▶ **Data entries**
☆ ☆ ☆ ☆ ☆

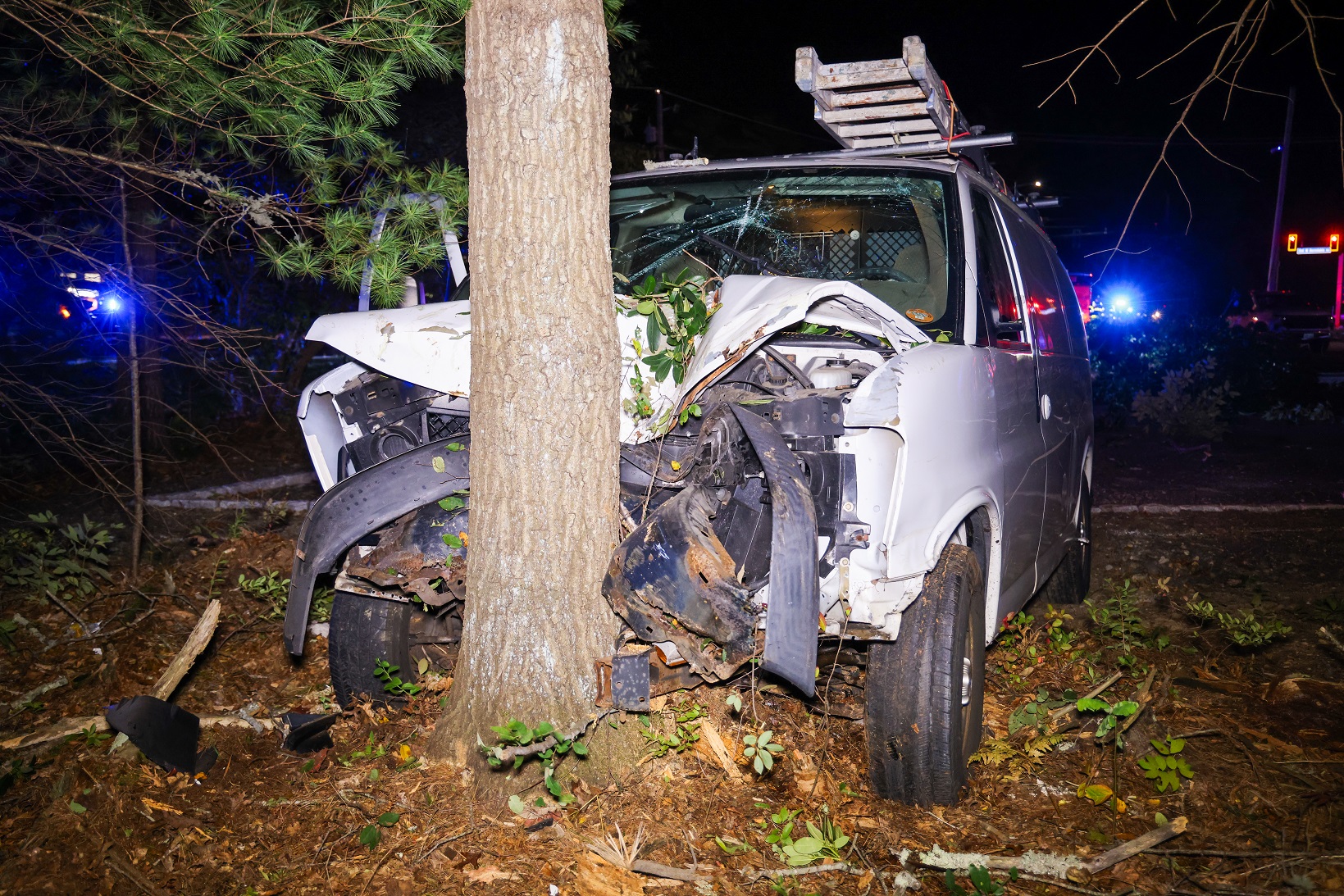 OSTERVILLE, MASSACHUSETTS – [HN photo notes] – A serious crash in Osterville Wednesday evening left one person injured and prompted the closure of Route 28. The incident occurred around 8:00 p.m. at the intersection of Route 28 and Osterville/West Barnstable Road, where a van left the roadway and collided with a tree.
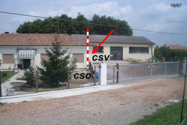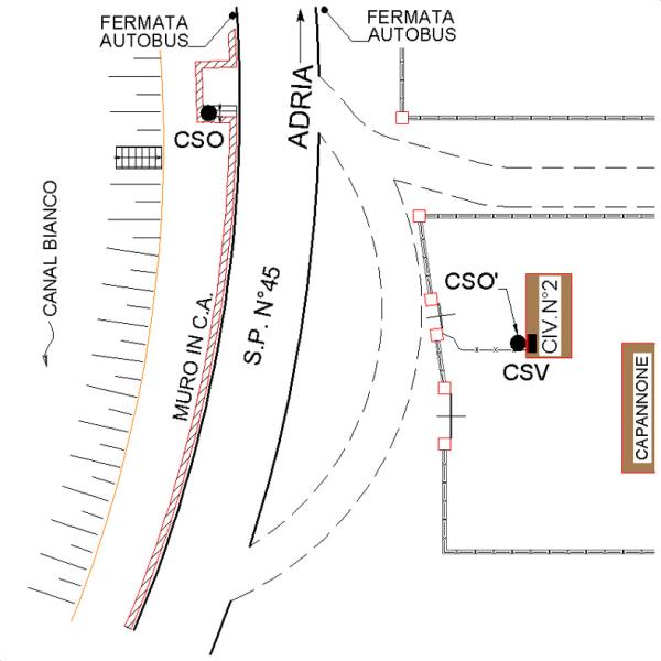 [{"simbolo_contrassegno":"B7","materializzazione":"(CSO) – Centrino del tipo di superficie della Direzione Generale del Catasto, infisso sul terzo gradino pi\u00f9 alto dei tre esistenti sul margine destro della strada che permettono di salire sull'argine del Canal Bianco."},{"simbolo_contrassegno":"B1","materializzazione":"(CSO') – BULLONE – sulla facciata presso lo spigolo destro vicino al canaletto."},{"simbolo_contrassegno":"V5","materializzazione":"(CSV) – TARGA CON LINEA INCISA – (Catasto) sulla facciata in corrispondenza del cso."}]
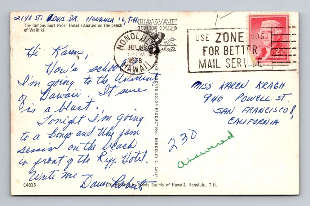 Waikiki HI-Hawaii, Surf Rider Hotel, Beach, Advertising, Vintage Postcard
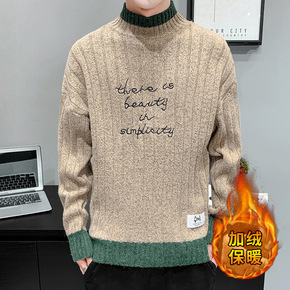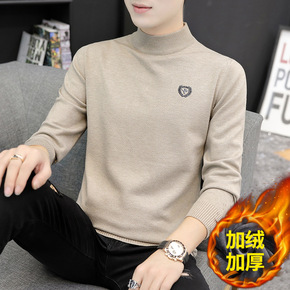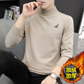 包邮毛衣男韩版潮流宽松百搭加绒加厚潮牌半高领针织衫...
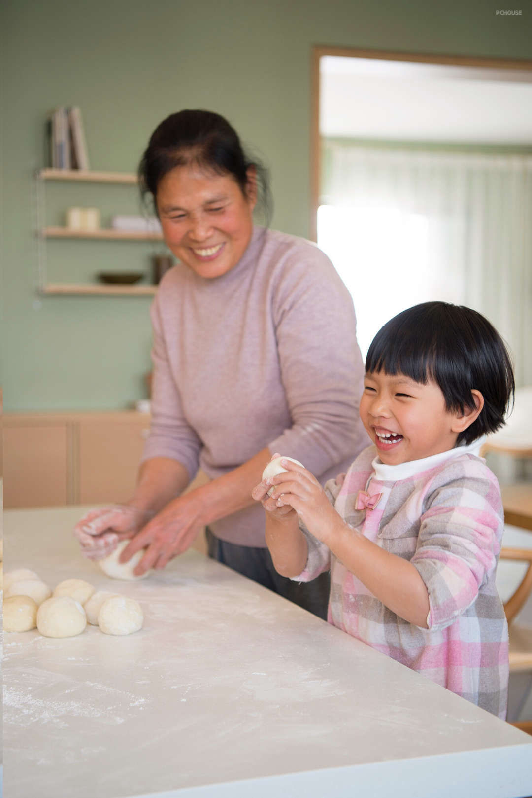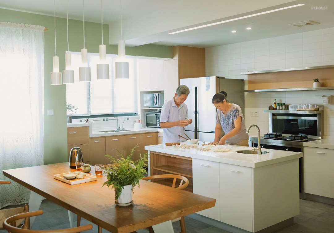 孩子周末来玩,总爱帮着姥姥姥爷一起做面点和饼干这些小零食,亲戚朋友来做客时,也多是围着岛台一边准备食材一边聊天,厨房,是这间屋子的不二主角。
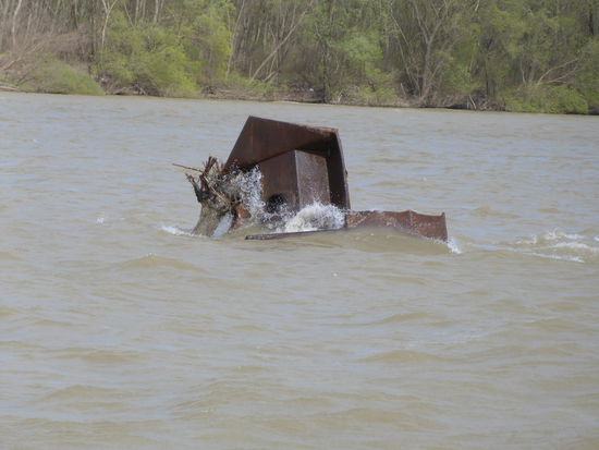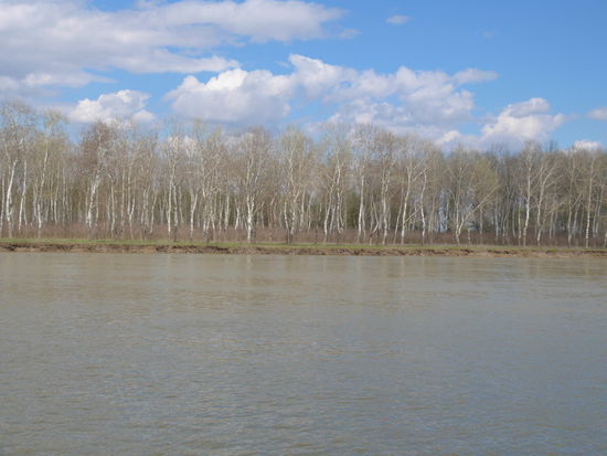Auf vielen der künstlich angelegten Au-Wälder sind die Pappeln abgestorben. Ganze Wälder sind kahl. Beim nächsten höheren Wasser werden die kranken Wurzeln die Stämme nicht mehr halten können und die Bäume werden als Treibgut im Fluss schwimmen. Es schwimmt sowieso sehr viel Unrat im Wasser. Manfred muss unheimlich aufpassen, trotzdem rumpelt es einige Male kräftig. Was unter Wasser so alles schwimmt, das sieht man leider nicht.
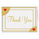 Merci or élégant script contre arrière - plan blanc. Cadre géométrique double or couleur or avec petits coeurs rouges sur les angles à faux volets. Personnalisez l'arrière avec les initiales de mariée et de champignon monogrammes. Entrez un message de remerciement spécial pour chaque carte et ajoutez-les séparément au panier. Ou, supprimer le texte pour laisser vide à l'intérieur pour écrire à la main votre propre photo spécial merci pour une touche personnelle. Design original par TamiraZDesigns.
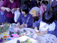 自然アートに参加する小学生
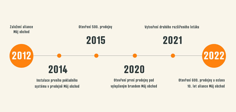 Můj obchod là liên minh tập hợp bởi các nhà bán lẻ trong ngành thực phẩm trên khắp Cộng hòa Séc cùng với hơn 600 cửa hàng đã tham gia.
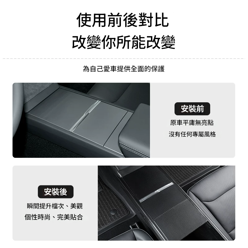 【易於安裝】碳纖維中央控制台包裝套件的背面有汽車專用雙面膠帶,以確保長期使用後不會脫落和變形。中央控制台保護包裝增加了時尚的個性,讓您的特斯拉看起來更專業、高檔和豪華。

☆ ☆ ☆ ☆ ☆

▶ **Exercise**
The result should be an exact copy of only the lines above from the one that holds "Waikiki HI-Hawaii, Surf" through the one that holds "孩子周末来玩,总爱帮着姥姥姥", both ends included, without pictures.

▶ **Answer box**
 Waikiki HI-Hawaii, Surf Rider Hotel, Beach, Advertising, Vintage Postcard
 包邮毛衣男韩版潮流宽松百搭加绒加厚潮牌半高领针织衫...
 孩子周末来玩,总爱帮着姥姥姥爷一起做面点和饼干这些小零食,亲戚朋友来做客时,也多是围着岛台一边准备食材一边聊天,厨房,是这间屋子的不二主角。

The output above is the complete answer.